The Open XML Package Convention specification defines a set of XML files that contain the content and define the relationships for all of the parts stored in a single package. These packages combine the parts that make up the document files for the 2007 Microsoft Office programs that support the Open XML Format. The Open XML Format API discussed in this article allows you to create packages and manipulate the files that make up the packages.

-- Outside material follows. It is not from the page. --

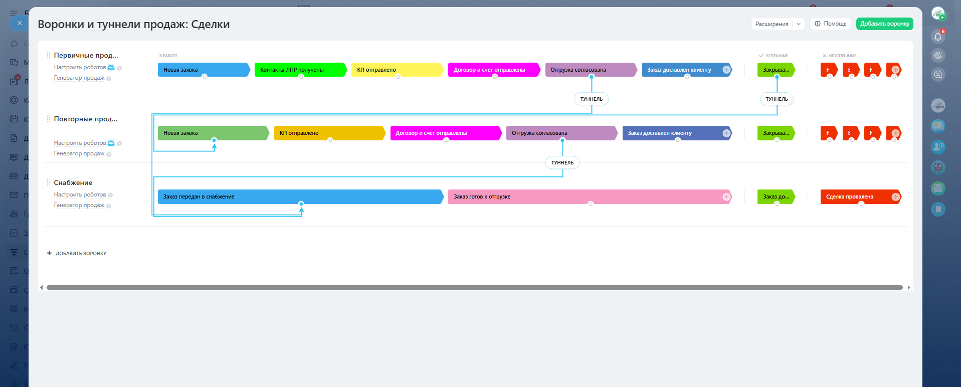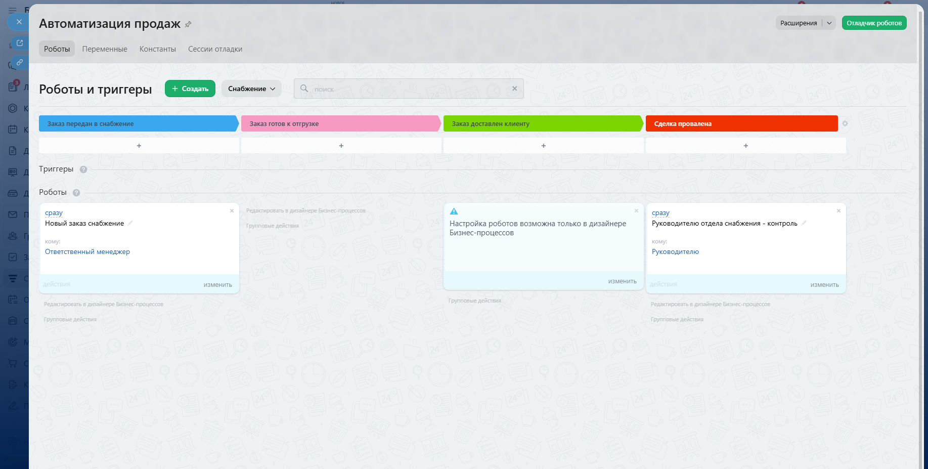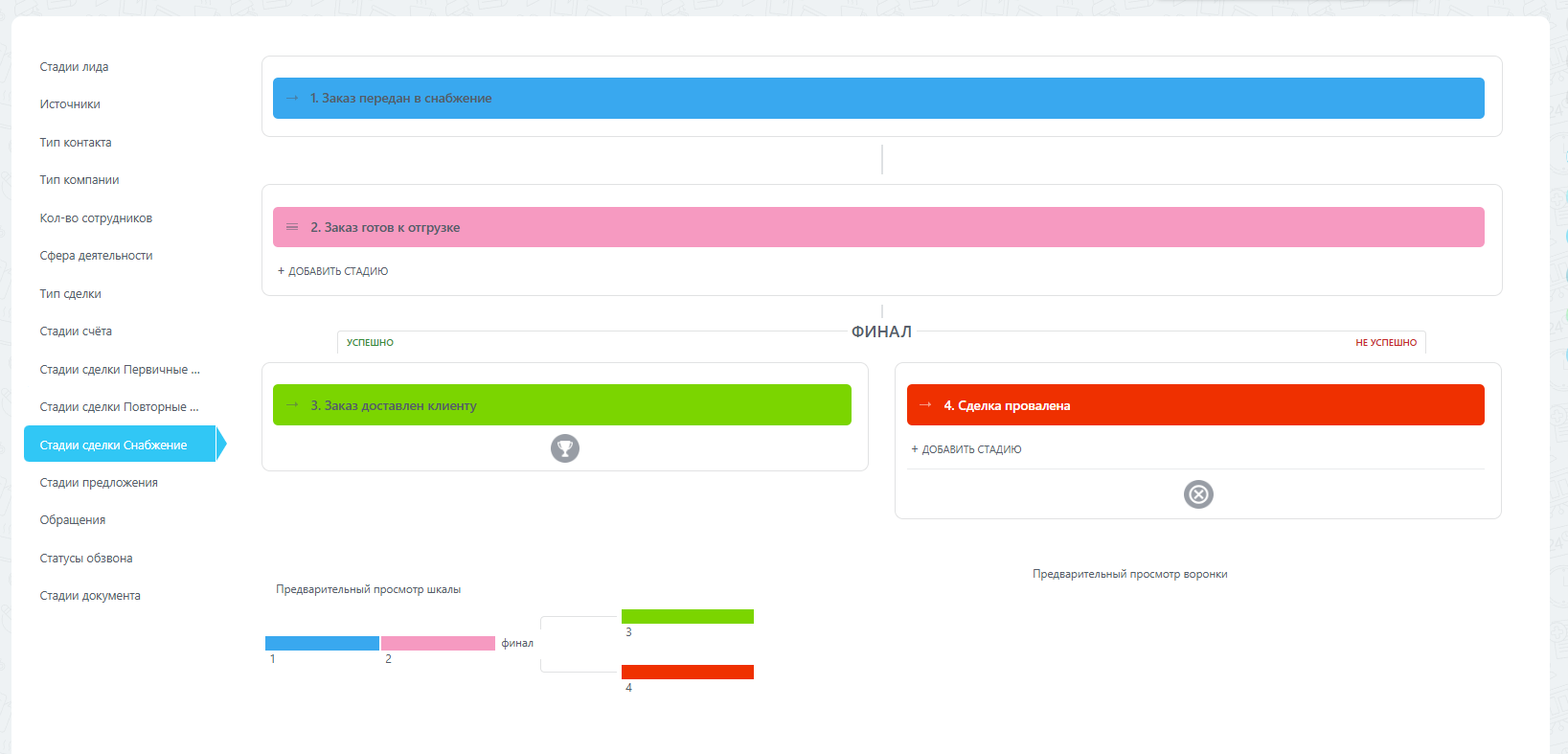 В воронке Снабжение при создании сделки на стадии «Заказ передан в снабжение» менеджеру по снабжению ставится дело «Новый заказ в воронке Снабжение».
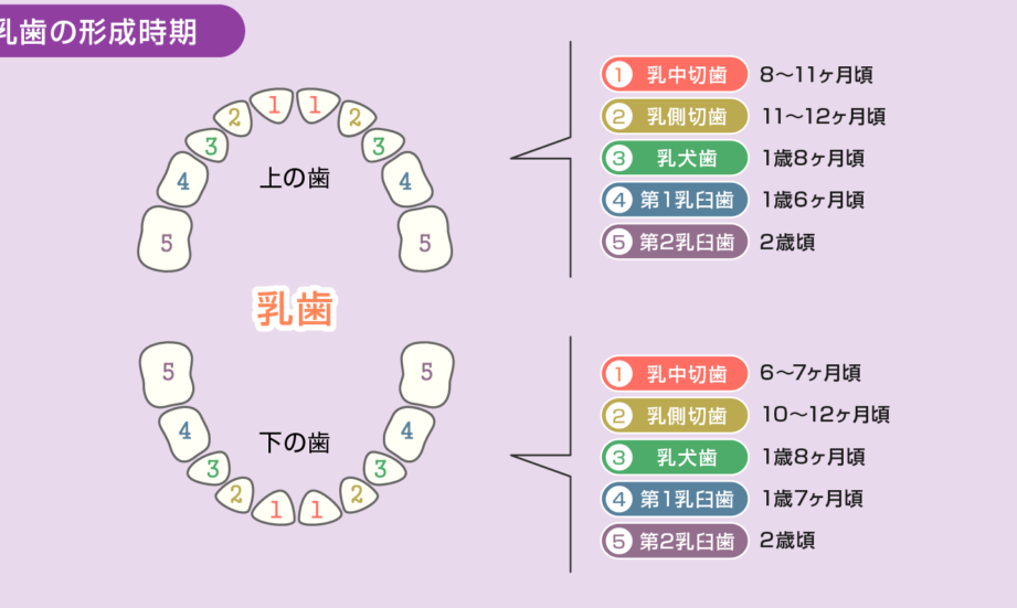 乳歯は通常、6か月から1歳半の間に生え始めます。小学入学時には、すべての乳歯が生えていることが期待されます。乳歯は以下のように段階的に生えます。

In the following code, you create an Office Open XML package as a Word 2007 document and then add content to the main document part in the package:

Public Sub CreateNewWordDocument(ByVal document As String)
   Dim wordDoc As WordprocessingDocument = WordprocessingDocument.Create(document, WordprocessingDocumentType.Document)
   Using (wordDoc)
      ' Set the content of the document so that Word can open it.
      Dim mainPart As MainDocumentPart = wordDoc.AddMainDocumentPart
      SetMainDocumentContent(mainPart)
   End Using
End Sub

Public Sub SetMainDocumentContent(ByVal part As MainDocumentPart)
   Const docXml As String = "<?xml version=""1.0"" encoding=""UTF-8"" standalone=""yes""?>" & _
   "<w:document xmlns:w=""http://schemas.openxmlformats.org/wordprocessingml/2006/main"">" & _
   "<w:body><w:p><w:r><w:t>Hello world!</w:t></w:r></w:p></w:body></w:document>"
   Dim stream1 As Stream = part.GetStream
   Dim utf8encoder1 As UTF8Encoding = New UTF8Encoding()
   Dim buf() As Byte = utf8encoder1.GetBytes(docXml)
   stream1.Write(buf, 0, buf.Length)
End Sub

In the first procedure, you pass in a parameter that represents the path to and name of a Word 2007 document. Then you create a WordprocessingDocument object representing the package based on the name of the input document. The remaining code is encapsulated in a using statement that allows you to ensure that any objects created are properly disposed of.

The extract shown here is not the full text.